When the error is corrected and the biases are recomputed, the bounds around the OLS estimates of the regression coefficients become much wider. The small set of conditions we had previously imposed on coefficients now proves insufficient to obtain informative bounds. An alternative approach, which illustrates how the “confidence intervals” widen as we move away from OLS assumptions, is to draw the correlation coefficients for all circumstance variables from uniform distributions defined sequentially on broader supports: (−0.05, 0.05), (−0.1, 0.1), (−0.15, 0.15), and (−0.2, 0.2). Note, however, that these supports are all much narrower than the widest possible range used earlier: (−1, 1). Results from this approach are presented in Table 1 for selected regression coefficients (those on mean parental schooling), and in Table 2 for , our measure of counterfactual inequality when all inequality due to circumstances is eliminated.
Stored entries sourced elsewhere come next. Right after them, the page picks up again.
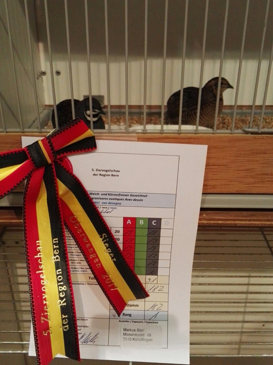An der Vogelausstellung Thun die übers erste Oktoberwochenende in Gwatt durchgeführt wurde, konnte Markus Bieri bereits an der ersten Ziervogelausstellung glänzen. Seine beiden naturfarbigen, chinesischen Zwergwachtel-Paare wurden mit dem ersten und zweiten Platz ausgezeichnet. Auch mit der weiteren Viererkollektion wurden die Zwergwachteln als Sieger belohnt.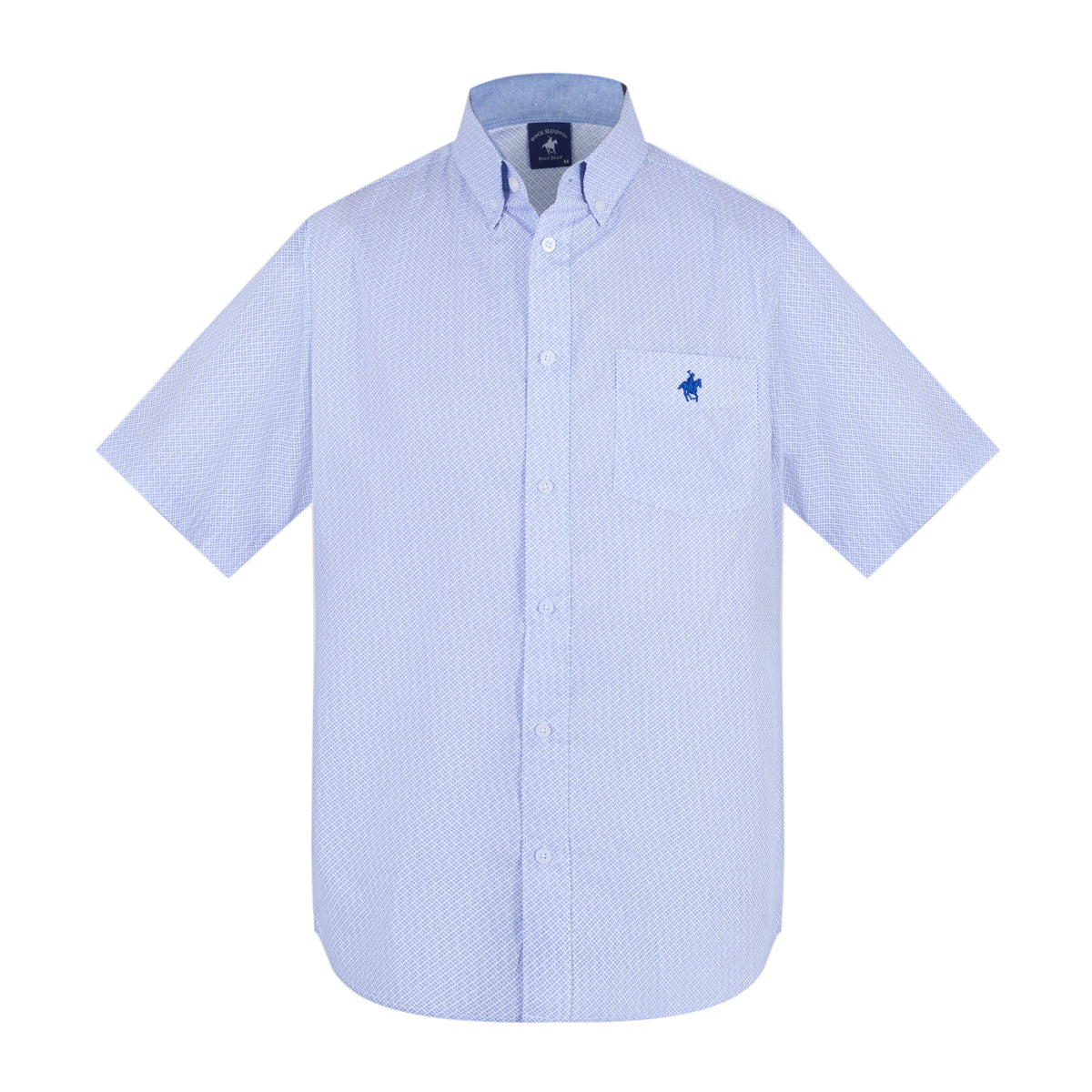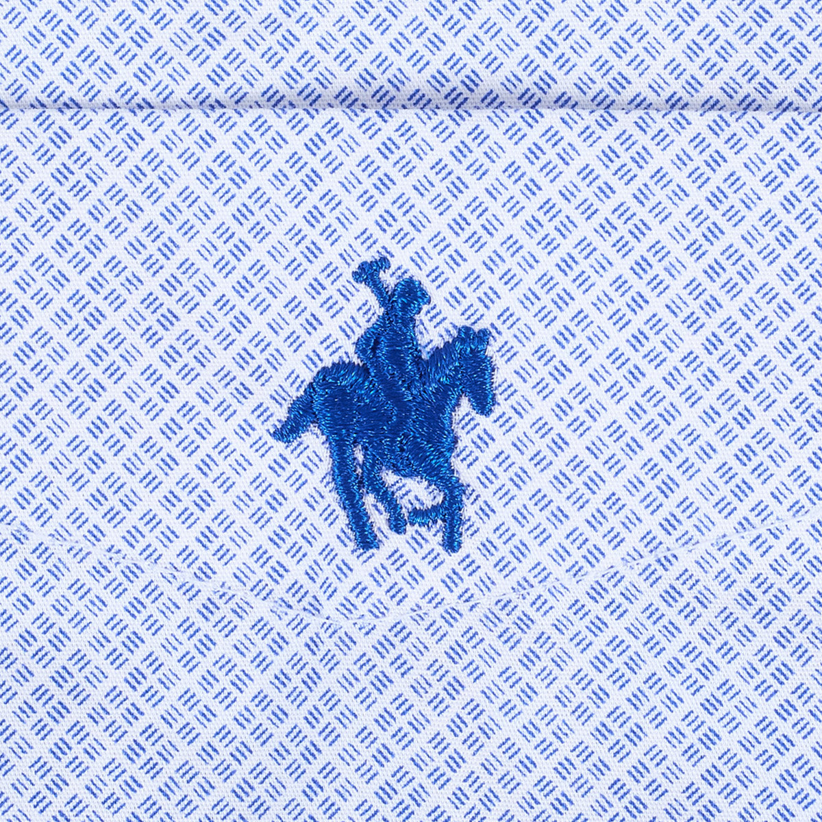 CAMISA CABALLERO BUTTON DOWN, BOLSA DELANTERA CON BORDADO MICRO MALLA BLANCA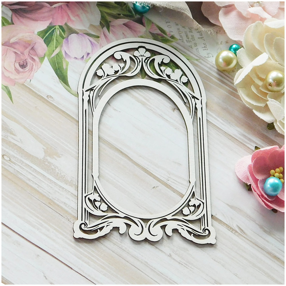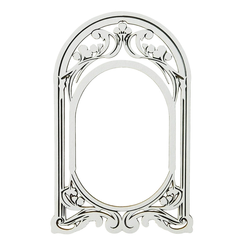 Elegancki element dekoracyjny w formie ozdobnej ramki, wykonany z jasnej tektury o grubości 1,2 mm.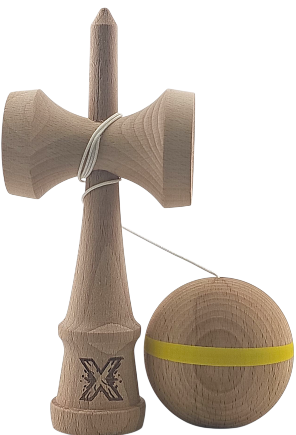 Kendama X Originală, Profesională, Flippy, din Lemn, 18 cm, cu Dunga, Galben, Lemn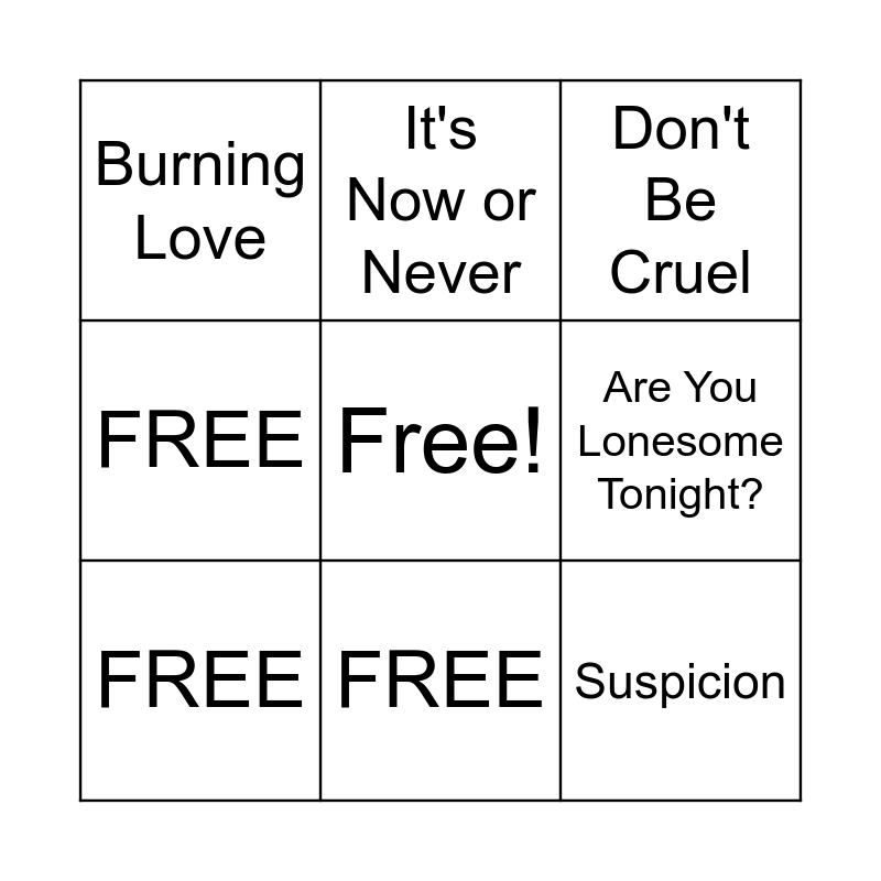 This bingo card has a free space and 16 words: Heartbreak Hotel, All Shook Up, Don't Be Cruel, Burning Love, Jailhouse Rock, It's Now or Never, Return to Sender, Blue Suede Shoes, Suspicion, Are You Lonesome Tonight?, HAPPY BIRTHDAY!, FREE, FREE, FREE, FREE and FREE.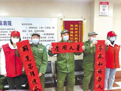 石家莊市正定縣“常山老兵”退役軍人志愿服務(wù)隊到市榮軍優(yōu)撫醫(yī)院開展“賀新春、獻愛心、送祝?!敝驹阜?wù)活動。 河北省退役軍人事務(wù)廳供圖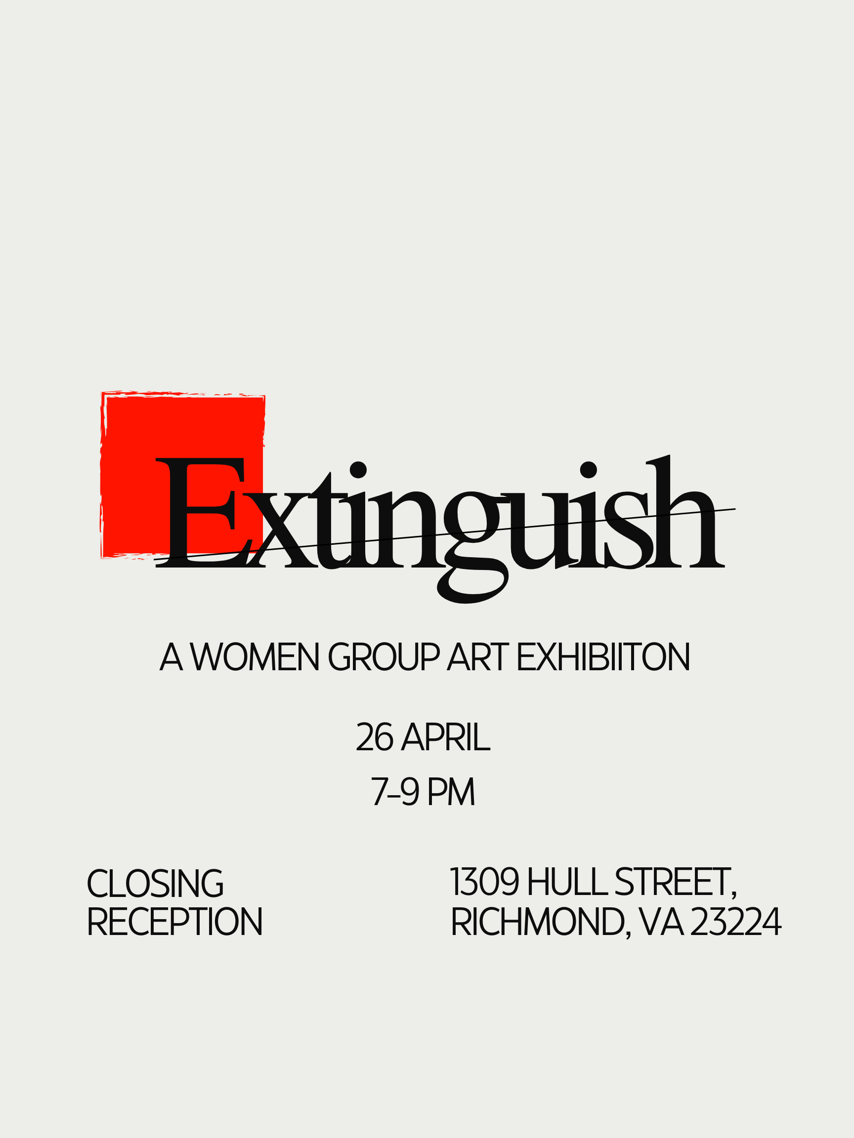 We invite you to join us in celebration of the life of “Extinguish” and honoring the artists and their intersectional work. Free and open to the public! Exhibition will remain on view for one more week through May 3rd!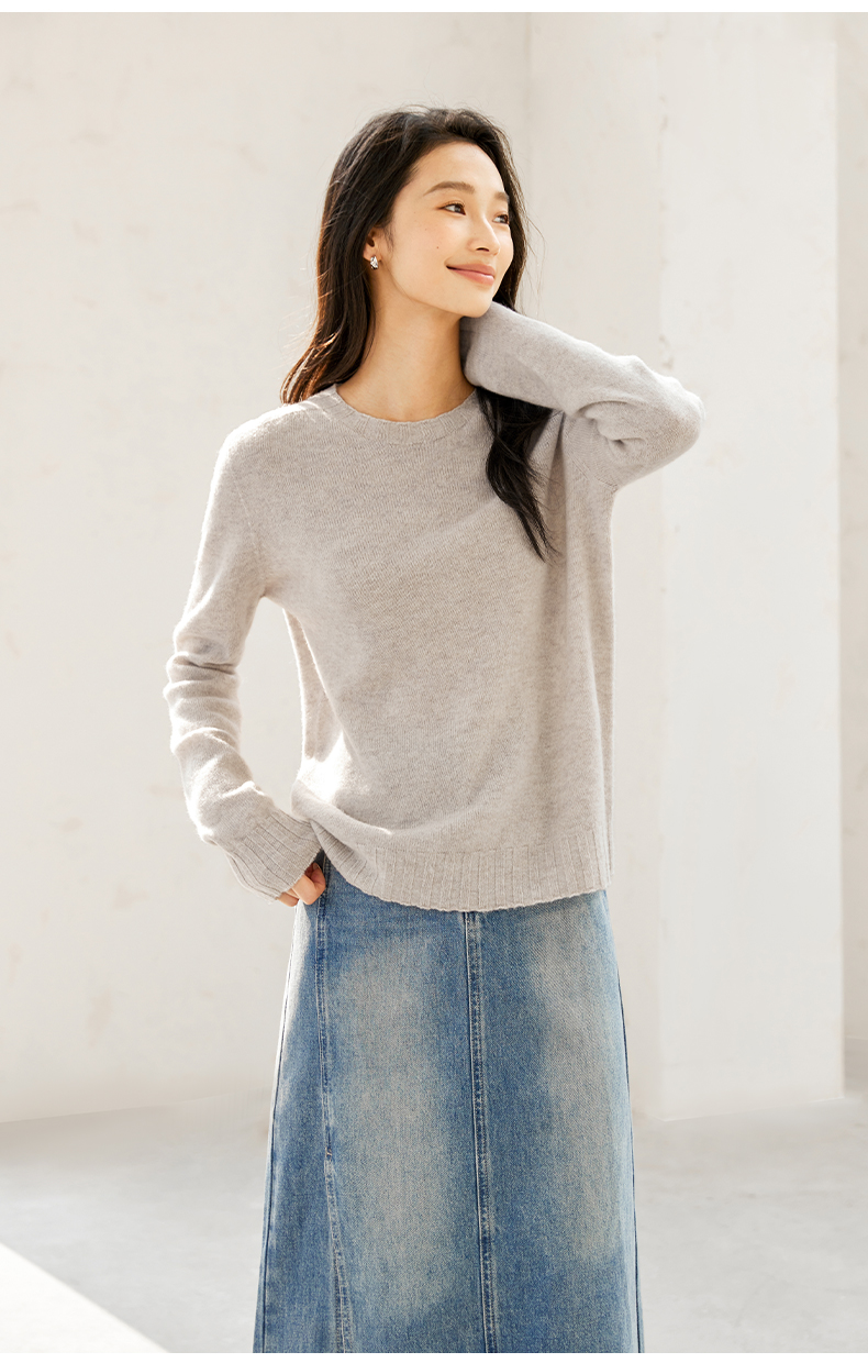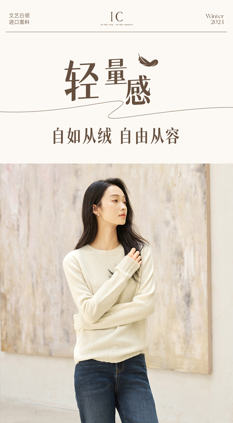 IC【100%绵羊毛】肌理感宽松打底针织衫女新款秋冬气质羊毛衫长袖上衣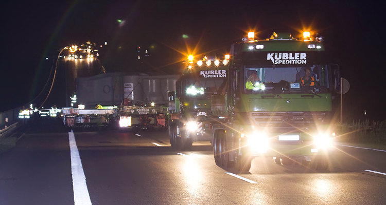 Als Zugmaschine kam ein Volvo FH 16 6x4 mit 750 PS und i-Shift-Getriebe mit Kriechgängen zum Einsatz.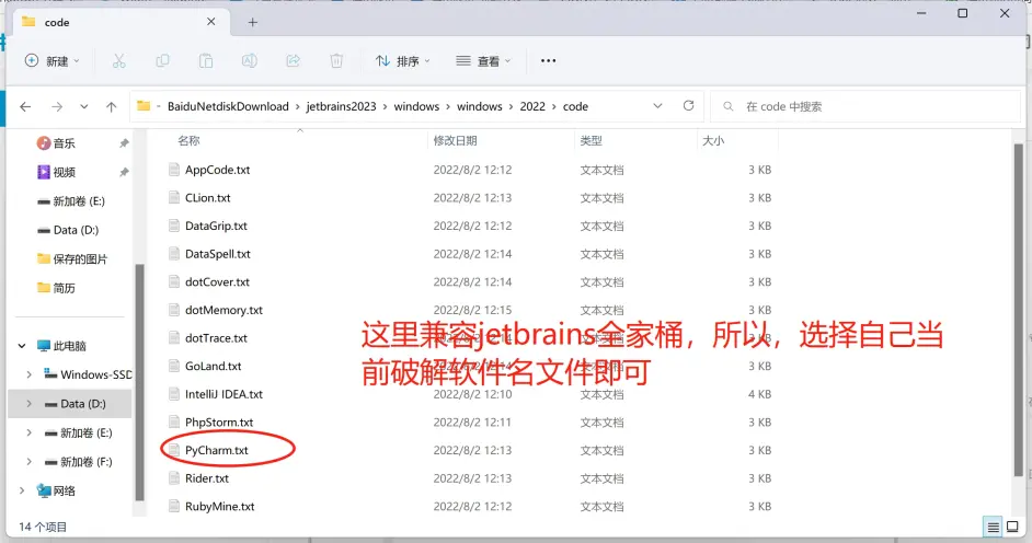 因为这个激活包是可以适用jetbrains全家桶的,所以里面生成了对应软件名的txt文件,只需选择当前正在操作的软件即可。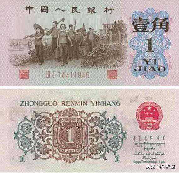 第三套人民币的“枣红一角”券面图案中的人物原因没怎么流通就遭到严苛的回收销毁,存世量骤减。为了挽回“枣红一角”的错误随后发行了“背绿一角”。由于与同套2角纸钞背面颜色同为绿色,在交易过程极易造成混淆,故仅使用了14个月便遭回收,由此成为成为第三套人民币中发行量最少、发行时间最短、存世量最少的“币王”。背绿一角分为带水印和不带水印,而带有五角水印的“背绿一角”更为稀有,被称作是第三套人民币中的票胆,根据资料显示,2013年“背绿一角”的身价已经达到4万多元。(以当时市场价为准)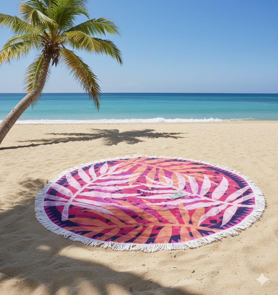 Our eye-catching round towels are made of microfiber which makes them lightweight and super absorbent. Embellished with a white fringe, they are ideal for use around the pool or at the beach. Available in 3 vibrant designs, blue Aztec, pink palm and rainbow they would make an ideal gift for someone special or take them along on your next vacation.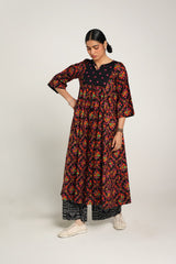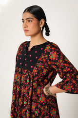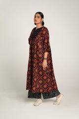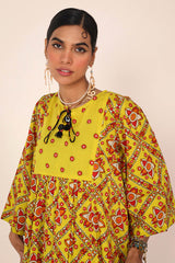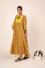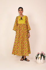 A vibrant Kutch-printed paneled frock, designed with a round neckline and a V-slit adorned with tassel details. The delicately gathered bodice lends a graceful drape, enhancing the fluidity of its flared silhouette.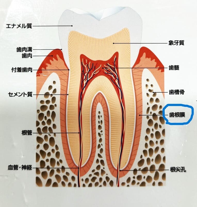 歯根の歯周組織の中でも歯根膜に炎症が広がると歯根膜炎になり、症状が長引くことが多いのです。
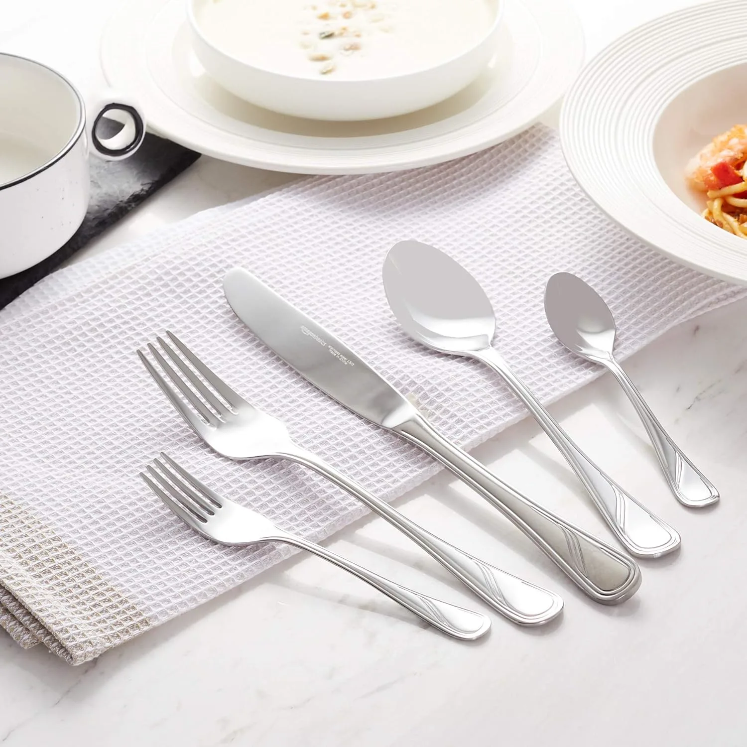Be the first to review “Amazon Basics 20-Piece Stainless Steel Modern Finish Flatware Set, Service for 4” Cancel reply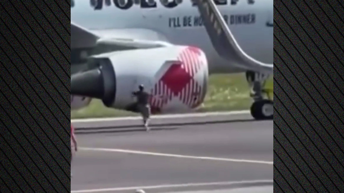 Στις παρακάτω εικόνες, φαίνεται ξεκάθαρα η πορεία του 35χρονου: αρχικά τρέχει στην πίστα κατευθυνόμενος προς το αεροπλάνο, ενώ γύρω του βρίσκονται υπάλληλοι ασφαλείας, κανείς όμως δεν τον σταματά. Ο Ρούσο πέφτει πάνω στο αεροσκάφος και στη συνέχεια κινείται κυκλικά γύρω από το αεροπλάνο, για να κατευθυνθεί τελικά απευθείας προς τον κινητήρα.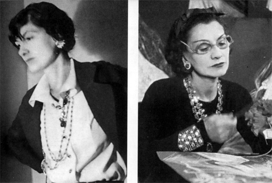 Для вечера она предложила платье из красной синели… Шанель конструирует из мехов, сочетая обезьяну с белой каракульчой. Вот еще вечерний туалет, предложенный Шанель: узкое прямое платье из белого атласа, поверх которого надета вышитая и украшенная жемчугом прямая блуза…»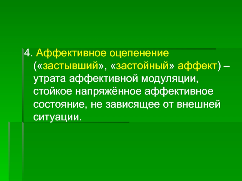 Слайд 114. Аффективное оцепенение («застывший», «застойный» аффект) – утрата аффективной модуляции,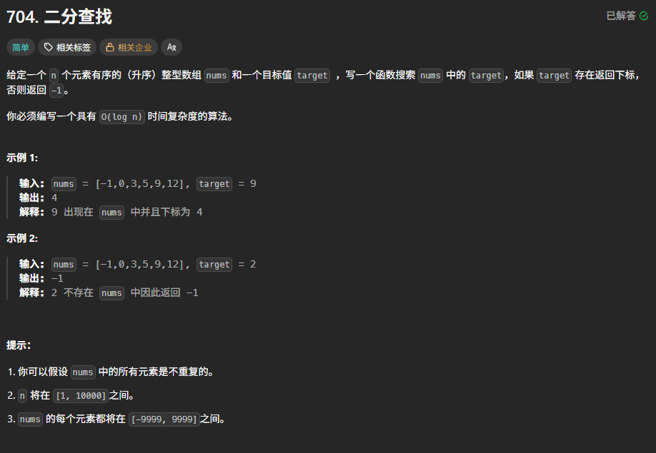 二分查找的条件是查找范围不为空,即 left≤right。如果 target 在数组中,二分查找可以保证找到 target,返回 target 在数组中的下标。如果 target 不在数组中,则当 left>right 时结束查找,返回 −1。
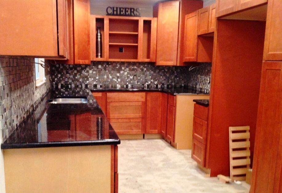 Все кухонные столешницы вырезаны из полированного черного базальта Black Galaxy.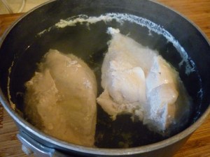 For the chicken paprika dish, I cut up a 6 lb. chicken into a large pot, covered with water and cooked the chicken until it was done. 6 lbs turned out to be way more than I needed, so I only used half of the breast and one thigh, deboned, along with broth created by the cooked chicken.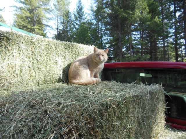 hay 010O’Malley was very disappointed when I took the bales off of the truck and stacked them in the hay trailer. He liked the warmth of the hay and the sunshine 🙂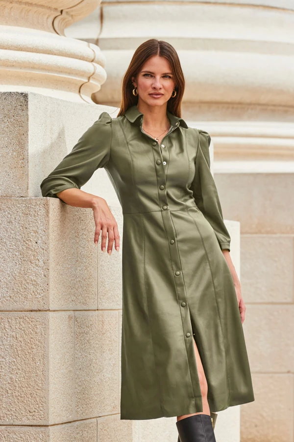 Khaki Green Faux Leather Popper Front Shirt Dress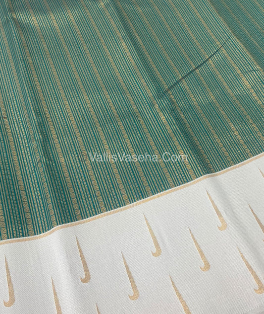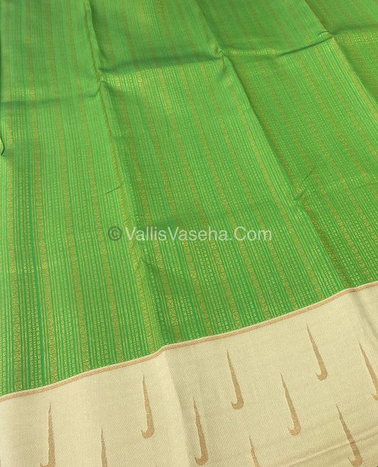 Kanchi Semi Silk - Green with Cream VVKSS001

|Mean parental schooling (years)||b1936_40||b1941_45||b1946_50||b1951_55||b1956_60||b1961_65||b1966_70|
|Upper bound estimates|
|−0.2 ≤ rho (Xi, u) ≤ 0.2||0.265||0.195||0.198||0.185||0.163||0.149||0.136|
|−0.15 ≤ rho (Xi, u) ≤ 0.15||0.242||0.186||0.188||0.170||0.151||0.140||0.126|
|−0.1 ≤ rho (Xi, u) ≤ 0.1||0.218||0.174||0.174||0.154||0.137||0.127||0.113|
|−0.05 ≤ rho (Xi, u) ≤ 0.05||0.195||0.157||0.157||0.138||0.123||0.114||0.102|
|Lower bound estimates|
|−0.05 ≤ rho (Xi, u) ≤ 0.05||0.135||0.109||0.108||0.093||0.082||0.077||0.067|
|−0.1 ≤ rho (Xi, u) ≤ 0.1||0.097||0.077||0.075||0.062||0.054||0.052||0.043|
|−0.15 ≤ rho (Xi, u) ≤ 0.15||0.057||0.043||0.039||0.028||0.025||0.025||0.018|
|−0.2 ≤ rho (Xi, u) ≤ 0.2||0.012||0.005||−0.001||−0.009||−0.009||−0.006||−0.011|
|Total Observed Inequality||0.873||0.997||0.759||0.655||0.706||0.580||0.566|
|Counterfactual inequality when circumstances are equalized Upper bound estimates|
|−0.2 ≤ rho (Xi, u) ≤ 0.2||0.754||0.778||0.710||0.602||0.658||0.592||0.592|
|−0.15 ≤ rho (Xi, u) ≤ 0.15||0.717||0.734||0.672||0.561||0.619||0.442||0.553|
|−0.1 ≤ rho (Xi, u) ≤ 0.1||0.688||0.698||0.645||0.537||0.595||0.421||0.526|
|−0.05 ≤ rho (Xi, u) ≤ 0.05||0.667||0.673||0.627||0.525||0.575||0.410||0.507|
|Lower bound estimates|
|−0.05 ≤ rho (Xi, u) ≤ 0.05||0.647||0.641||0.606||0.518||0.558||0.403||0.489|
|−0.1 ≤ rho (Xi, u) ≤ 0.1||0.638||0.633||0.602||0.521||0.558||0.405||0.486|
|−0.15 ≤ rho (Xi, u) ≤ 0.15||0.638||0.629||0.601||0.526||0.561||0.412||0.485|
|−0.2 ≤ rho (Xi, u) ≤ 0.2||0.645||0.629||0.620||0.533||0.567||0.428||0.487|
Two implications arise from this exercise. First, once our coding error is corrected, the bounds approach employed in our original paper no longer appears useful for identifying a narrow range of possible values for the biases plaguing OLS regression coefficients. There is no rationale for restricting the possible correlation between explanatory variables and a regression residual ex-ante to a narrow interval such as (−0.2, 0.2). The true value of ρCε ∈ (−1,1) is, of course, unknown. When we allow for the full possible range of values for that correlation coefficient, our use of sample moments to calculate approximate bounds on the value of the bias of OLS coefficients turns out to yield intervals that are too large to be of any practical use.
Second, the effect of correcting the error on the bounds around the estimates of counterfactual inequality—and in particular on the lower-bound estimate—is much less pronounced. In fact, as shown in Table 2, the lower-bound on the Theil coefficient of inequality when differences in circumstances are eliminated is quite robust to changes in the assumed correlation coefficients between circumstance variables and the regression residual.